### TASK TO CARRY OUT
Produce a word-for-word copy of the listing below without its pictures.

### DATA FOR ANALYSIS
- - - - -

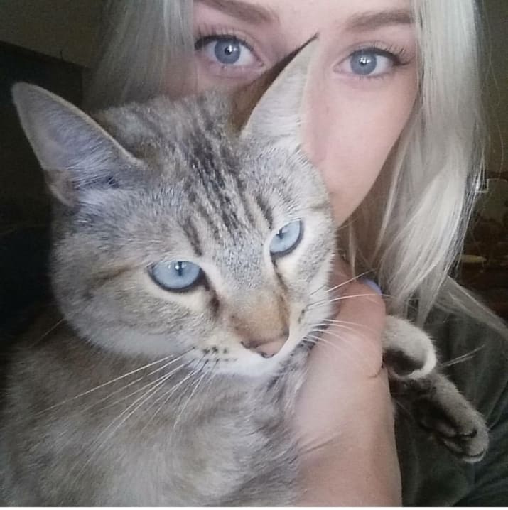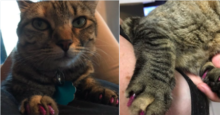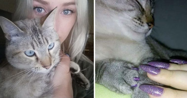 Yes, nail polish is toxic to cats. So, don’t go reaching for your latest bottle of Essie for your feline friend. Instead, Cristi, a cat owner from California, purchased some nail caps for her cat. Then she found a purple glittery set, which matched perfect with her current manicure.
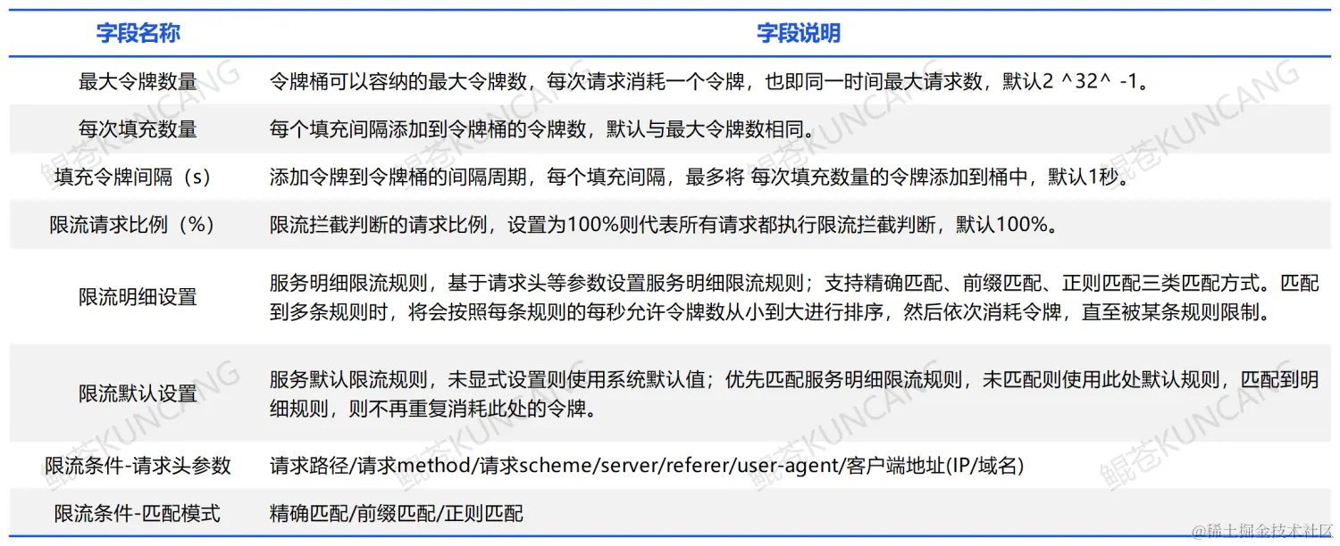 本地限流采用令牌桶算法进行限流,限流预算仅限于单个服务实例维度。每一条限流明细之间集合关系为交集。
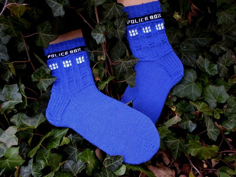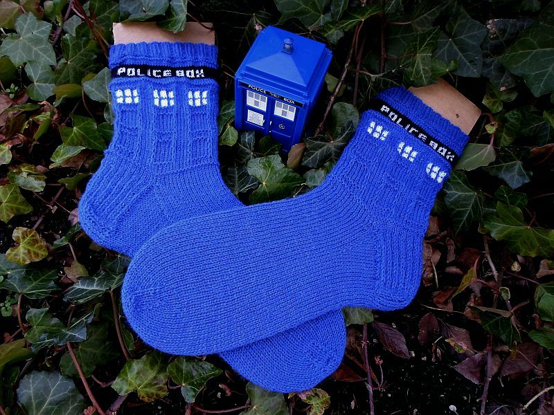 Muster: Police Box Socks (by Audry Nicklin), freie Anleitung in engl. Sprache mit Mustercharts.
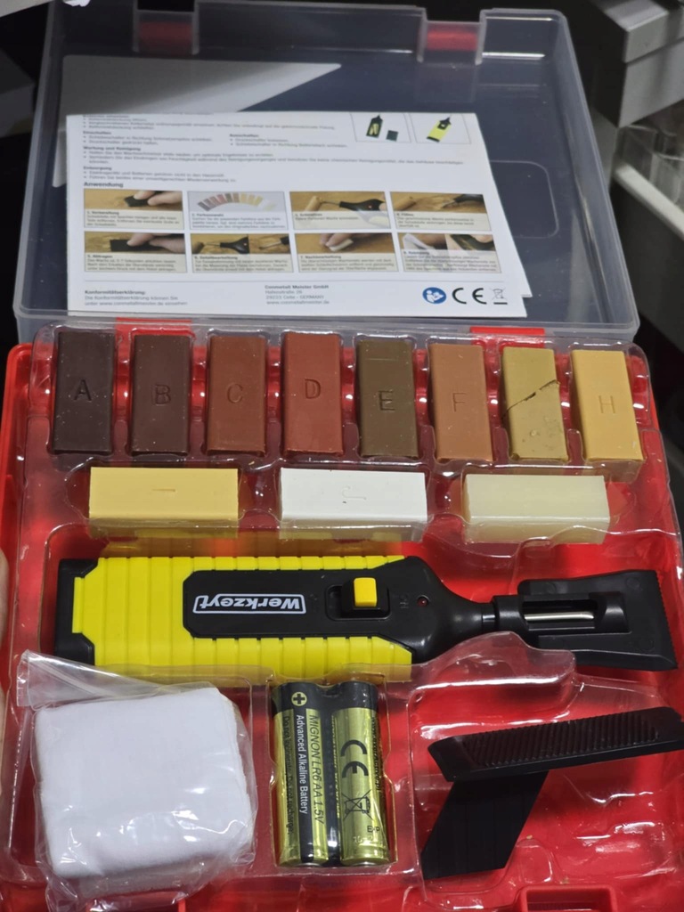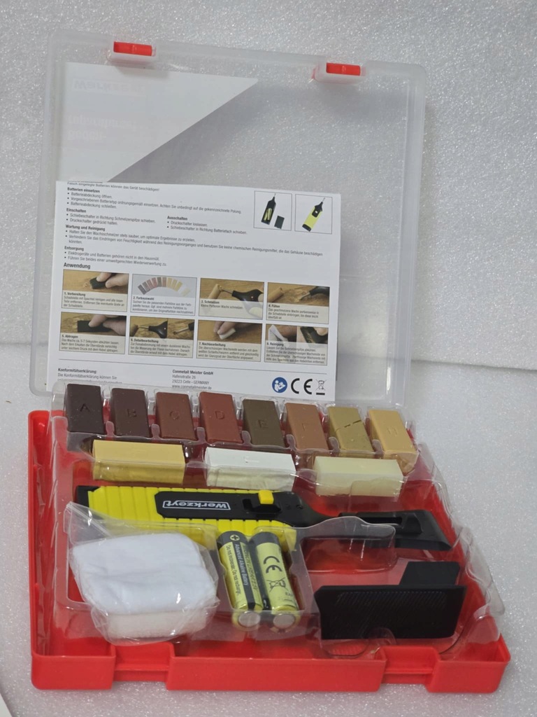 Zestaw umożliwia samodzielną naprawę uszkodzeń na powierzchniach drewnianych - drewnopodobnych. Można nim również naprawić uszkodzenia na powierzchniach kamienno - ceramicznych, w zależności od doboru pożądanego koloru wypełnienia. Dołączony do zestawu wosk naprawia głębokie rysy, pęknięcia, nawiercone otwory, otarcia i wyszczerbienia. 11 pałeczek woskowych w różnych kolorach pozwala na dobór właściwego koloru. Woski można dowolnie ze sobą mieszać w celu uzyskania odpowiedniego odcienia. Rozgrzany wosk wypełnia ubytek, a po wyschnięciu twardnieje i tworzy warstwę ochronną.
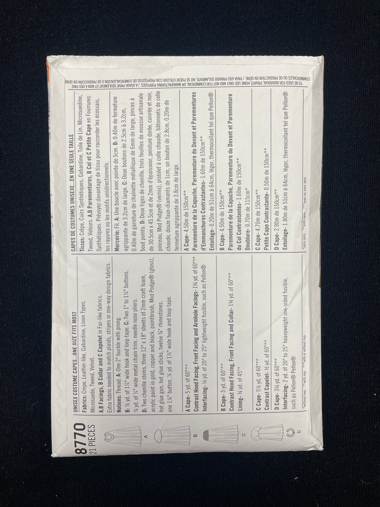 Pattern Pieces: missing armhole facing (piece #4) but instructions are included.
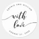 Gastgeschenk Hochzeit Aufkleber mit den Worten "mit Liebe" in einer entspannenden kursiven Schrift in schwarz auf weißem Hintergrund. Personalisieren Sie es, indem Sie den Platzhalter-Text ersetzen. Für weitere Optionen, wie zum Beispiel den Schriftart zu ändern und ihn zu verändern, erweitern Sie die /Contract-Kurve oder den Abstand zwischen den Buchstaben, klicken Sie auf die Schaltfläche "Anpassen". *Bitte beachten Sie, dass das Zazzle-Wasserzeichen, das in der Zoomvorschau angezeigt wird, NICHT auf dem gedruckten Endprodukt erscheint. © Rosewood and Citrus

- - - - -

### ANSWER BELOW
 Yes, nail polish is toxic to cats. So, don’t go reaching for your latest bottle of Essie for your feline friend. Instead, Cristi, a cat owner from California, purchased some nail caps for her cat. Then she found a purple glittery set, which matched perfect with her current manicure.
 本地限流采用令牌桶算法进行限流,限流预算仅限于单个服务实例维度。每一条限流明细之间集合关系为交集。
 Muster: Police Box Socks (by Audry Nicklin), freie Anleitung in engl. Sprache mit Mustercharts.
 Zestaw umożliwia samodzielną naprawę uszkodzeń na powierzchniach drewnianych - drewnopodobnych. Można nim również naprawić uszkodzenia na powierzchniach kamienno - ceramicznych, w zależności od doboru pożądanego koloru wypełnienia. Dołączony do zestawu wosk naprawia głębokie rysy, pęknięcia, nawiercone otwory, otarcia i wyszczerbienia. 11 pałeczek woskowych w różnych kolorach pozwala na dobór właściwego koloru. Woski można dowolnie ze sobą mieszać w celu uzyskania odpowiedniego odcienia. Rozgrzany wosk wypełnia ubytek, a po wyschnięciu twardnieje i tworzy warstwę ochronną.
 Pattern Pieces: missing armhole facing (piece #4) but instructions are included.
 Gastgeschenk Hochzeit Aufkleber mit den Worten "mit Liebe" in einer entspannenden kursiven Schrift in schwarz auf weißem Hintergrund. Personalisieren Sie es, indem Sie den Platzhalter-Text ersetzen. Für weitere Optionen, wie zum Beispiel den Schriftart zu ändern und ihn zu verändern, erweitern Sie die /Contract-Kurve oder den Abstand zwischen den Buchstaben, klicken Sie auf die Schaltfläche "Anpassen". *Bitte beachten Sie, dass das Zazzle-Wasserzeichen, das in der Zoomvorschau angezeigt wird, NICHT auf dem gedruckten Endprodukt erscheint. © Rosewood and Citrus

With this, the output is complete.